И, словно бы тот груз, который только что прибавил веса карете, был специально предназначен для того, чтобы вопреки всем законам динамики сделать карету более легкой, карета понеслась с такой скоростью, что господин Жакаль мог бы сравнить ее со скоростью курьерского поезда. Если бы в его время на свете существовали железные дороги.
– Странно! Очень странно! – прошептал господин Жакаль, заряжая в каждую ноздрю по огромной понюшке табака. – Карета после того, как ее вес значительно увеличился, если судить по звуку падения дополнительного груза, едет гораздо быстрее, нежели до получения этого груза. С одной стороны, свежесть воздуха, который, как мне кажется, долетает с Сены, а с другой стороны, карета катит так легко, словно женщина идет по траве… Странно! Очень странно!.. Мы явно выехали за город. Но в какую сторону? На север, на юг, на восток или на запад?
Надежда отомстить за это похищение так захватила господина Жакаля, что в этот момент место, где он находился, интересовало его в тысячу раз больше, нежели конечный результат этой поездки. Дойдя до крайней степени возбуждения, он почувствовал такое сильное нетерпение, его охватило такое неумеренное любопытство, что, позабыв о советах спутника, он поднял левую руку к закрывавшей лицо повязке. Но, услышав звук взводимого курка пистолета в руках спутника, не спускавшего с него глаз и заметившего его движение, господин Жакаль резко опустил руку вниз и, сделав вид, что не услышал этого зловещего звука, воскликнул самым натуральным образом:
– Мсье, могу я попросить вас еще об одном одолжении: я просто задыхаюсь, ради бога, дайте мне возможность глотнуть свежего воздуха!

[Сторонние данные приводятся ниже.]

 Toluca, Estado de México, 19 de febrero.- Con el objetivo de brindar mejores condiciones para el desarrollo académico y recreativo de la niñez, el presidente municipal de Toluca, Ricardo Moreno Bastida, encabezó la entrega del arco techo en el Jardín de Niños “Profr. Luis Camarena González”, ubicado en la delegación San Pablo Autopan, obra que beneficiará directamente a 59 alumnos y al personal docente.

– Это просто сделать, – ответил незнакомец и опустил стекло правой дверцы. – Только из уважения к вам. Но поскольку я боюсь сквозняков, то другое окошко открывать не будем.
– Вы слишком добры, – поспешил сказать господин Жакаль, почувствовав сильный сквозняк. – Но мне не хотелось бы злоупотреблять вашим участием. Коль скоро сквозняки – а теперь в карете гуляет сквозняк – вредны вашему здоровью или просто вам неприятны, умоляю вас считать мою просьбу недействительной.

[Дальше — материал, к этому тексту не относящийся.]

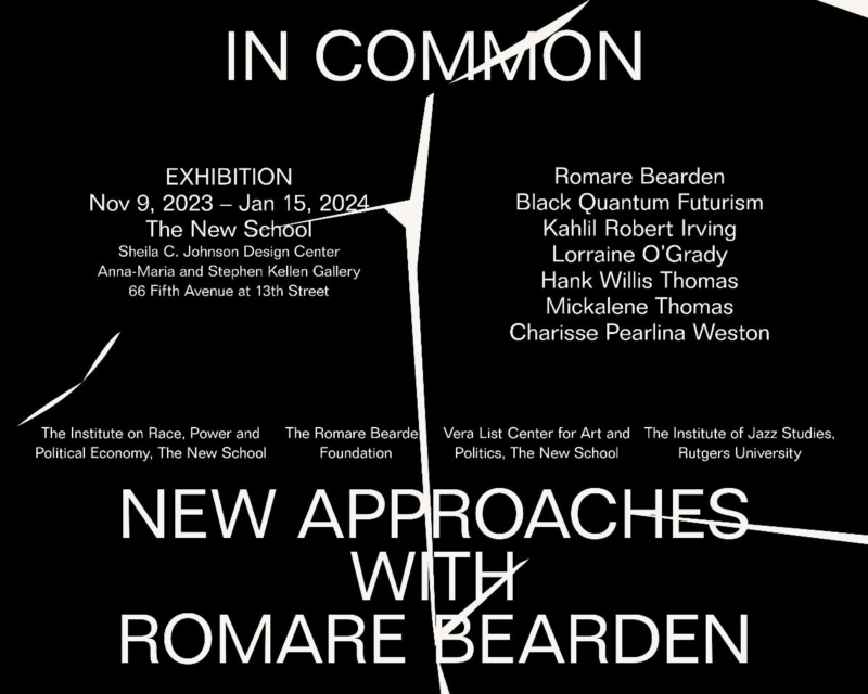 The exhibition In Common: New Approaches with Romare Bearden is up through Jan. 15, 2024, at The New School, 66 Fifth Avenue at 13th Street. It’s kind of stunning, I think, with 20+ works by Romare Bearden and largely new pieces by Black Quantum Futurism, Kahlil Robert Irving, Lorraine O’Grady, Hank Willis Thomas, Mickalene Thomas, and Charisse Pearlina Weston.

– Ни в коем случае, мсье, – ответил незнакомец. – Вы пожелали, чтобы окно было открыто – оно останется открытым.
– Тысяча благодарностей, мсье, – произнес господин Жакаль, не пытаясь даже продолжить разговор, в который его спутник вступал с явным сожалением.

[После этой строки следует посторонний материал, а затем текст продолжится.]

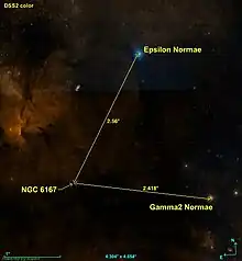 NGC 6167 est situé à environ 2,4 degrés au nord-est de l'étoile Gamma2 Normae et à 2,6 degrés au sud-est de Epsilon Normae (en).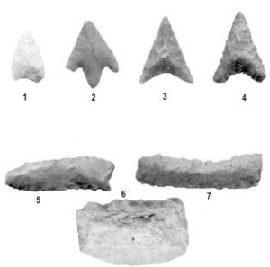Nelle arature della stessa zona sono state recuperate punte di freccia ed elementi di falcetto attribuibili, per tipologia, alla prima età dei metalli.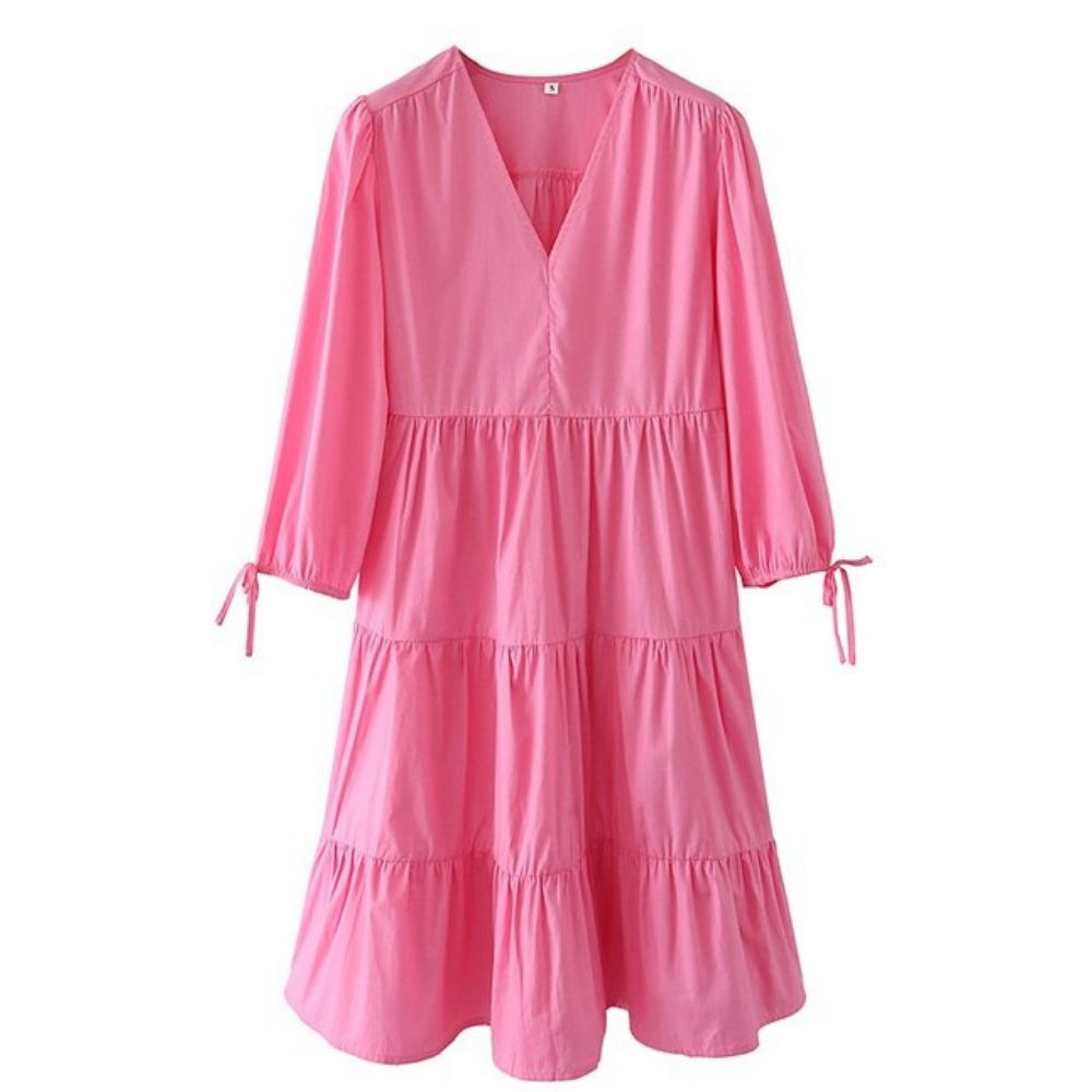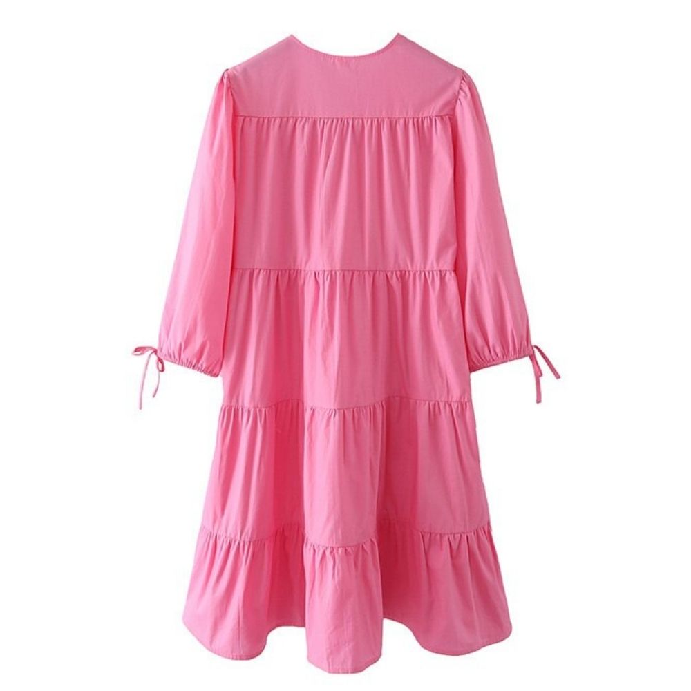 Qamar is a women with Lace Up Mini Dress Vintage V-Neck Half Sleeves.

И полицейский снова погрузился в раздумья.
– Да, – сказал он самому себе, – это дело рук Сальватора. И было бы глупо в этом сомневаться. Люди, с которыми я сейчас имею дело, не похожи на остальных людей. Они выражаются очень убедительно, хотя и несколько кратко. Говорят они очень вежливо, но настроены весьма решительно. А такое редко встречается среди тех христиан, которых я знаю. Итак, похищение это устроил Сальватор: как я и предполагал, он, видимо, предвидел то, что я могу его арестовать. Как жаль, что такой ловкий человек столь честен! Этот шутник знает всех в Париже. Да что я говорю: всех в Париже! Он знаком со всей Францией. Не говоря уже об итальянских карбонариях и немецких иллюминатах. Черт, а не человек! Не следовало мне с ним так поступать. Он ведь перед уходом сказал мне: «Вы знаете, что может случиться с человеком, который меня арестует». Да, он меня предупреждал, что тут сказать. Ах, Сальватор! Ах, этот чертов Жерар!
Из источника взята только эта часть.